Number one: Do you give your kids birthday gifts? You celebrate your kids birthdays, why not celebrate the birth of the Savior? If we’re not going to do it now, when would you decide to do it? That would be a question.
Secondly, in 1st Corinthians 9:22, Paul says, “I became all things to all men, that by all means I may win some.” I can’t think of a time, and I doubt that you could think of a time in the year when there is more focus on the birth of Jesus Christ. Once a year, the world is confronted with the reality of His coming. And I think that’s great!

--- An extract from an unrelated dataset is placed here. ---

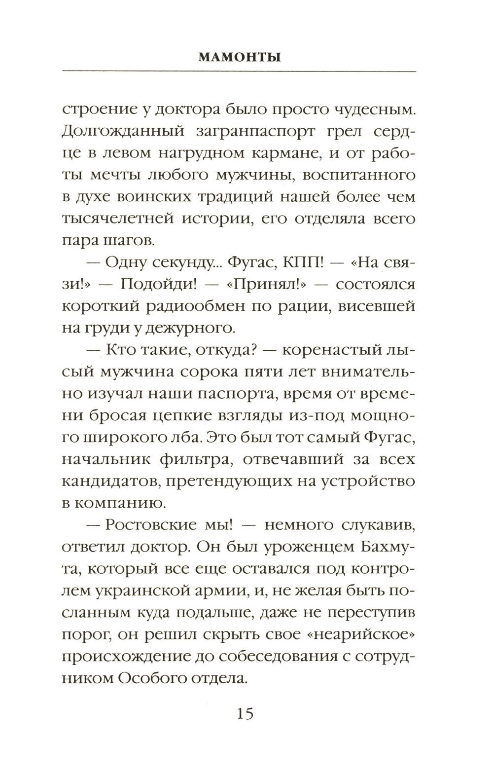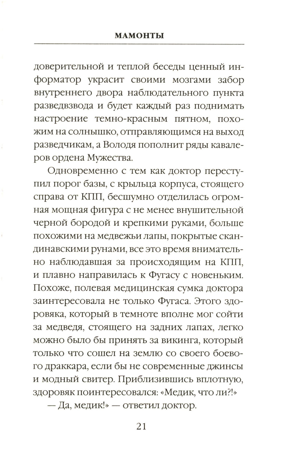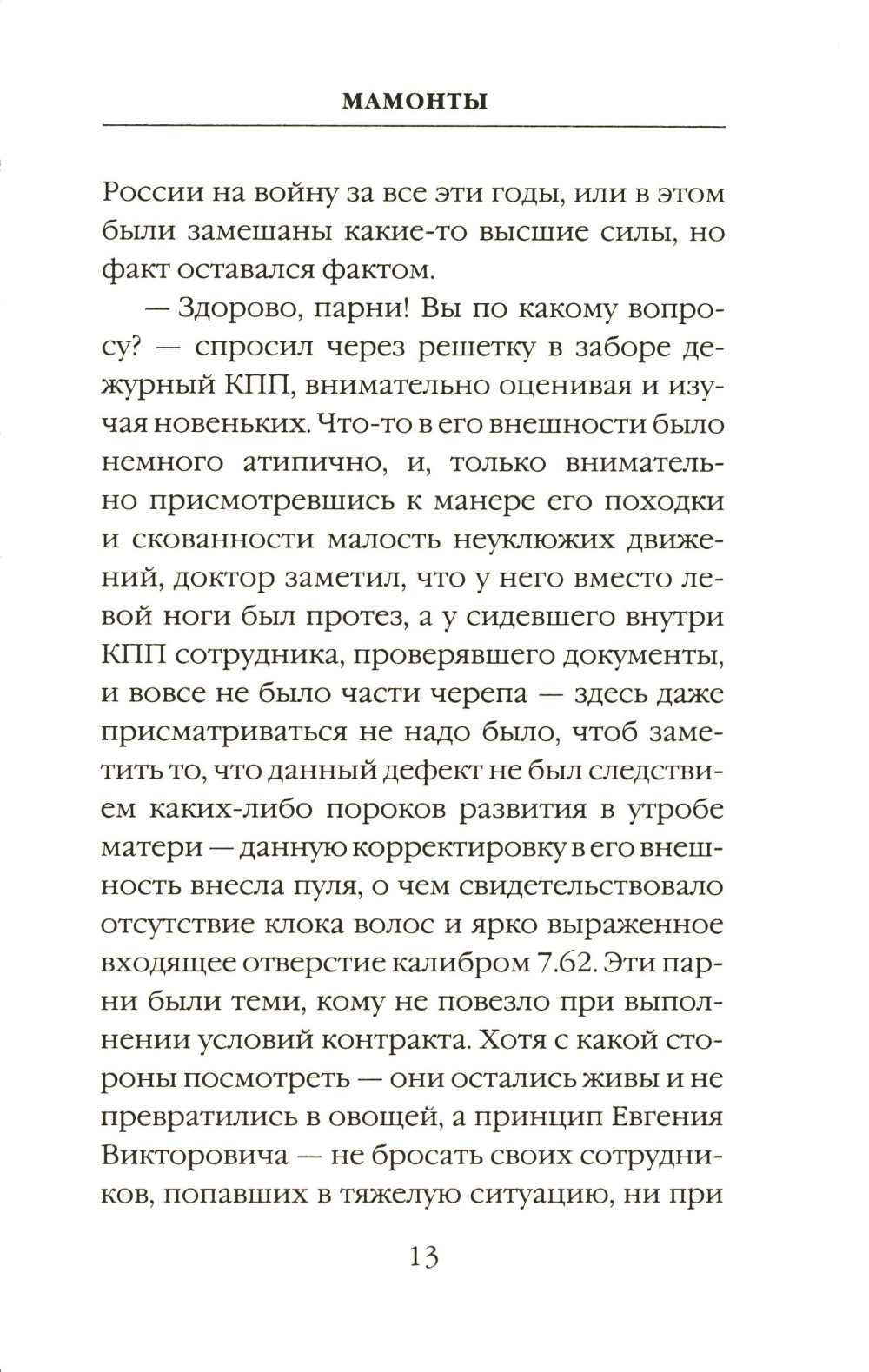 Эта книга штурмового медика с богатейшим багажом боевых действий за спиной, настоящего профессионала, патриота и русского воина - Дуброва. Эта книга посвящается всем сотрудникам компании, живым и павшим для кого кодекс являлся не случайным набором фраз, а жизненным кредо. Эта книга - воспоминания о тех временах, когда компания была отдельным миром, закрытым от внешнего мира и взглядов прохожих. Эта книга - реальная история штурмового медика в рядах штурмового отряда ЧВК «Вагнер» во время боев за Триполи. Самой закрытой части истории компании. Закрытой и самой яркой. Результативной и увлекательной. Кто был в Триполи, никогда не забудут тех событий, узнать о которых, вы сможете в этой книге. В связи с недавними событиями в Мали, эта книга также посвящается памяти павших воинов. Сегодня она публикуется в поддержку «Русича», командира 13-го ШО, одного из героев, фигурирующих в книге. Его подвиги и заслуги перед страной - не вымысел или сухая правка в наградном. Достойный воин и командир. Мы с тобой, брат. Все события реальны Все действия невыдуманные. В честь годовщины гибели руководства ЧВК «Вагнер» и в память о людях, создавших самое сильное подразделение в мире, представляем книгу «Мамонты».| Издательство | Яуза-каталог |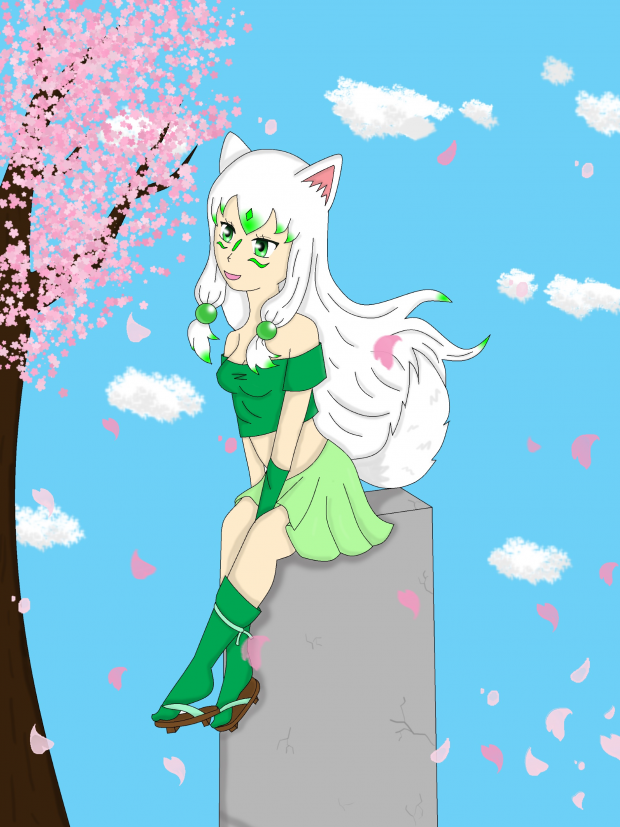 Nami is sitting on the pillar she was once frozen in time on! She used all her power protecting a village full of people she loved. But as always when evil is a foot she must awaken once again! I will be writing more of a back story for her soon.

The third point is in Matthew 16:18,where Jesus said, “On this rock, I will build my church, and the gates of hell shall not prevail against it.” The idea is not that we are holding out against the world. The idea is that we are assaulting a world and they cannot overwhelm us. They cannot withstand the assault of the Church. The very fact that you and I are here, 2000 years after the coming of the Lord Jesus Christ, is evidence of that. The world has done everything it can to squash the message, destroy the Word, and intimidate believers. Yet, all around the world today there are those who are singing praise, spreading the Word and sharing the gospel of Jesus Christ. So, if we co-opt or take over Christmas, that’s what we’re supposed to do. We’re supposed to seize the gates of the enemy. This is why we’re here and why this season is so important.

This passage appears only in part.